Here are some of the typical tasks and responsibilities of a Reliability Engineer:

  1. Analyze data and perform statistical modeling: Reliability Engineers analyze data related to equipment performance, failure rates, and maintenance history to identify trends and patterns. They use statistical modeling to predict future failures and plan maintenance activities accordingly.
  2. Develop and implement reliability strategies: Reliability Engineers develop and implement strategies to improve the reliability and availability of equipment and systems. This may include performing root cause analysis, implementing preventive maintenance programs, and conducting failure mode and effects analysis (FMEA).

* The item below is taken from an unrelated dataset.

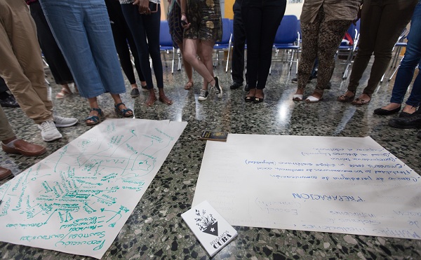 Como es habitual en este tipo de evento, las cuatro horas de intercambio no fueron suficientes. Todos tenían cosas por decir, incluso había muchas manos levantadas en el momento en que Liriam propuso terminar antes de que el debate se extendiera indefinidamente. No fue una jornada estéril. Testigo de ello, aquel papel inicialmente vacío estaba ahora repleto de ideas desordenadas e inconclusas. Los organizadores propusieron la última actividad de la tarde: definir en una palabra la experiencia vivida. De izquierda a derecha uno utiliza “útil”, otro “necesaria”, el siguiente “satisfactoria”; quien me antecede “interesante”. Mi turno. Estaba indeciso, al final me quedé con “reto”. Mirando en retrospectiva, no era una definición alejada de la realidad. Hacer realidad el viejo sueño de una sociedad mejor es un desafío que solo entre cubanos podemos resolver.

  3. Collaborate with other teams: Reliability Engineers collaborate with other teams such as operations, maintenance, and engineering to identify and address reliability issues. They may also work with suppliers to ensure the reliability of equipment and materials.
  4. Monitor and evaluate performance: Reliability Engineers monitor the performance of systems and equipment to identify areas for improvement. They use data to evaluate the effectiveness of reliability strategies and make adjustments as necessary.
  5. Provide technical support: Reliability Engineers provide technical support to other teams and stakeholders, answering questions and providing guidance on reliability-related issues.
  6. Continuously improve processes: Reliability Engineers are responsible for continuously improving reliability processes and methodologies. They stay up-to-date with the latest technologies and best practices in the field and identify opportunities for improvement.